Фридрих приказал строго стеречь узника и отправил во Псков гонца, чтобы известить воеводу о попавшем в его руки пленнике. Однако ещё по дороге гонец узнал, что в Кенигсберге какие-то люди раздавали листы и много раз кричали на рынке и у ратуши о некоем русском человеке, бежавшем из Москвы с государевой казной и побившем многих честных людей.
Приехав в Кенигсберг, гонец пошел к ратуше и на дверях её увидел лист, в коем извещалось, что тот беглец «волосом чернорус, глаза разноцветные и нижняя туба поотвисла немного».

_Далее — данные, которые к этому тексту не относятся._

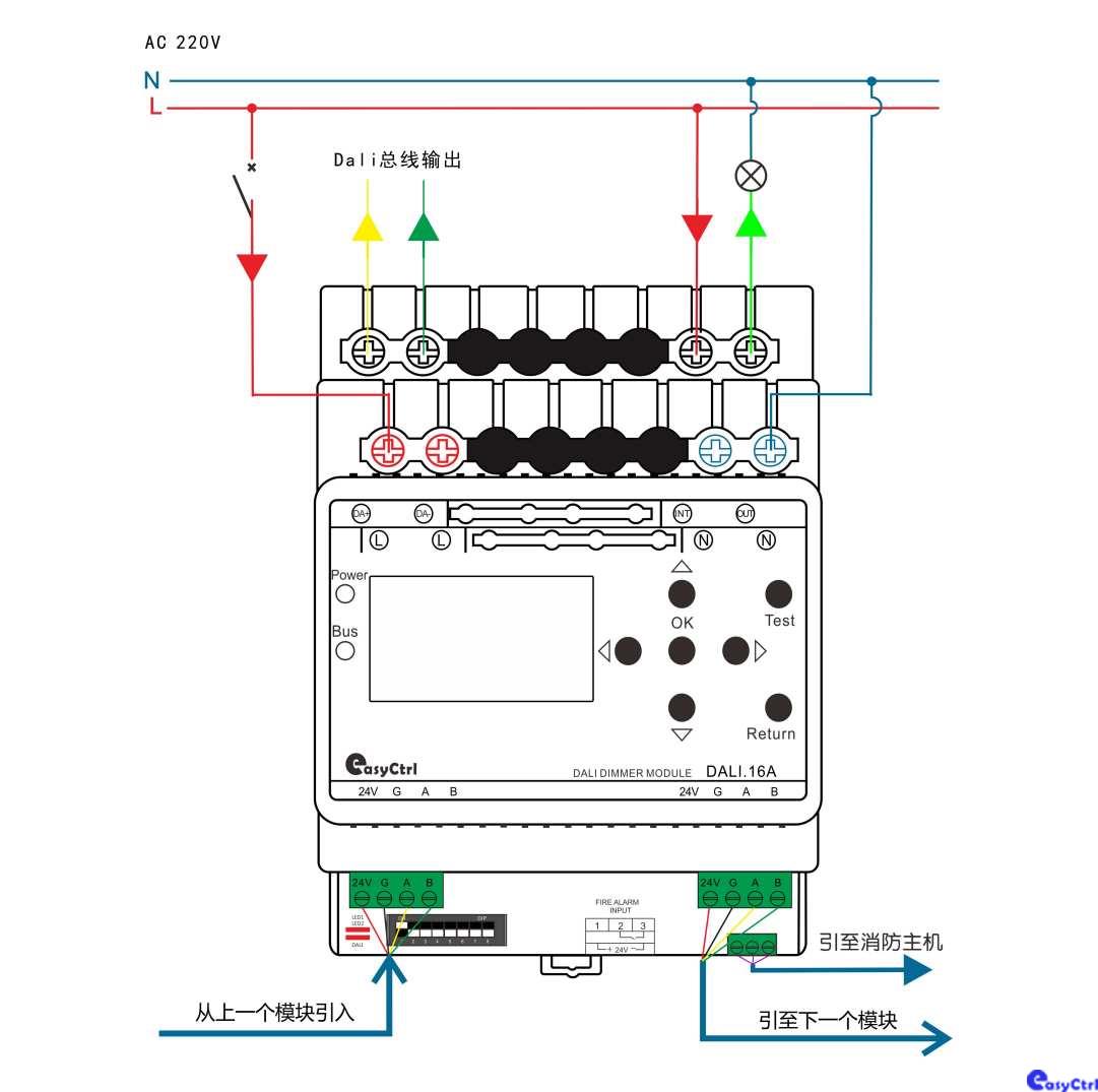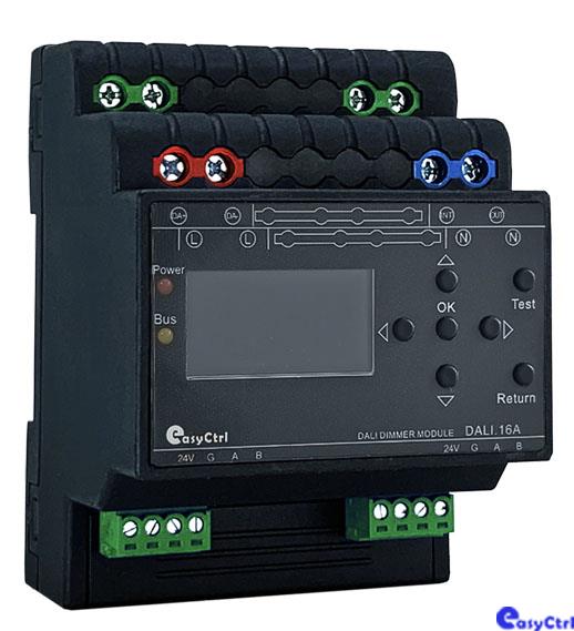 系统调光执行单元,一般安装在配电箱内,DALI2.0调光执行模块支持485总线协议与DALI协议的转换,支持DALI2.0协议,模块内置DALI电源,具有单条DALI总线,最多支持64个DALI驱动设备,可实现16个控制通道的调光调色,模块采用OLED显示屏,方便工程配置与调试。

В листе у гонца описание было точно таким же. Повернув коня, он помчался обратно, расспрашивая по дороге, куда проехали шестеро русских.
Нашел он их довольно быстро, потому что в каждой деревне и в каждом городе, и в корчмах, и на постоялых дворах рассказывали те люди всем, кто им попадал на пути, об одном и том же: о беглом русском разбойнике, и о наградах, которые ждут любого за его поимку. В польском городе Гданьске гонец настиг русских.
Их начальник — Петер Микляев — сносно говорил по-немецки и гонец легко объяснил, какая забота привела его к нему.
Толстый, широкоплечий Микляев, вначале важно взиравший на гонца, аж подпрыгнул от радости и закричал неожиданно высоким бабьим голосом нечто непонятное, заставившее гонца подумать, что, наверное, именно так кричат татары, когда к ним на аркан попадает хорошая добыча — будь то добрых кровей конь или богатый пленник.
Через десять дней Микляеву показали пленника.
Оскалив зубы и вытолкнув из бочкообразной груди воздух, Микляев произнес только одно слово:
— Он.
Тем же крестным путем, каким недавно прошел Костя, надлежало пройти и Тимоше.
Везли его в открытых санях, еле одетого, и Микляев выходил к нему из крытого теплого возка, чтобы покуражиться над арестантом — и в который уж раз! — подробно рассказать, как пытали Костю и как будут пытать его самого.
Перед самой Москвой Тимоша выполз из-под веревок, которыми привязали его к саням, и бросился на дорогу — под копыта скачущей следом тройки. Однако и тут ему не повезло. Возница ловко свернул в сторону и его лишь задело одним полозам, порвав зипун и переехав ногу.
— Легкой смерти ищешь, вор! — неистовствовал Микдяев, по-волчьи скаля зубы и пиная ногой скрючившееся на дороге тело.
— Вяжи его, ребята, как мамка пеленала! — визжал Микляев.
Тимоше не пожалели пинков, зуботычин и веревок, и, накрепко привязав к саням, повезли дальше.
Никто не встречал его у стен Москвы. Накинув на Тимошу рогожи и заткнув в рот кляп, чтоб не кричал, — ранним утром 28 декабря 1653 года его ввезли в Москву.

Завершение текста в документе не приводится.